А по моей спине поползли холодные струйки пота.
Охотник?
На хрен… пусть бы в хлебопёки Савка шёл, чем это вот… такое вот.
— Я тебя вижу, — повторил я.
И она поняла.
Услышала?
Осознала?
Что-то вот произошло, словно слепой Савкин взгляд позволил двум мирам сомкнуться в одной точке. И тварь увидела меня. Чётко. Ясно. И я ощутил эхо радости, предвкушения. А в следующее мгновенье выхлест бросился на нас.
Еще недавно неспешный и неуклюжий даже он вдруг превратился в смазанную тень.
В лицо дохнуло гнилью.
И вонью.
И сладким лилейным ароматом той стороны.
И я, как дурак последний, застыл, вцепившись в отяжелевший револьвер, когда со спины кто-то дернул меня, заставляя отступить.
— Чтоб тебя… — Еремей и матом обложил, и злой его голос вернул меня к жизни.
Чтоб меня.
И по-всякому.
Заслужил.
Вообразил себя крутым… молодость вспомнил. Ту, давнишнюю, а ведь…
Выхлест заверещал. И теперь в тонком нервном голосе его слышалось искреннее возмущение и столь же искренняя обида, будто бы я успел пообещать ему что-то и не дал.
Веревки-кишки натянулись. И…
— Спасибо, — выдавил я, глядя на развороченный живот, в котором закипала чернота. Она выглядывала и снова пряталась, будто тварь понимала, что это вот всё — не случайно.

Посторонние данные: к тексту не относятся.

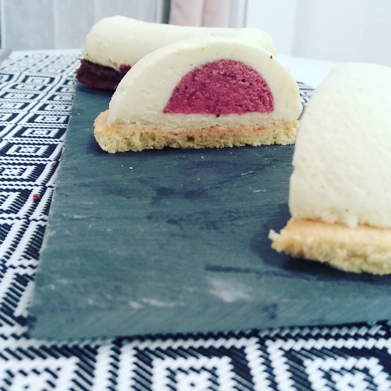 Mais j'ai tout de même présenté ma demi sphère chocolat blanc/mousse myrtille et biscuits Joconde ainsi que ma buche chocolat blanc/caramel/ganache chocolat noir avec biscuit Joconde au chocolat et un croustillant chocolat noir.

— Никогда прежде не видел? — Еремей стоял за границей осклизлых столбов.
— Нет…
— Но хоть не визжишь… лютует. Обидно ему… охотника почуял. Правда, видать, старый. Сторожится… вон, и хочется, и страшно.
Выхлест успокаивался.
Он остановился в двух шагах от меня. Я теперь чувствовал и вонь разлагающейся плоти, и дерьма, воды, всего-то, и главное — тот же цветочный запах, дурманивший голову. Выхлест стоял на двух ногах, чуть наклонившись вперёд. Длинные руки его почти касались земли. Пасть приоткрылась и на губах то и дело вспухали пузырики тьмы. А ещё меня поразили глаза.
Чёрные-чёрные.
Что уголь.
Выхлест смотрел на меня. Видел. И… и ему очень хотелось добраться. Но он справился с желанием.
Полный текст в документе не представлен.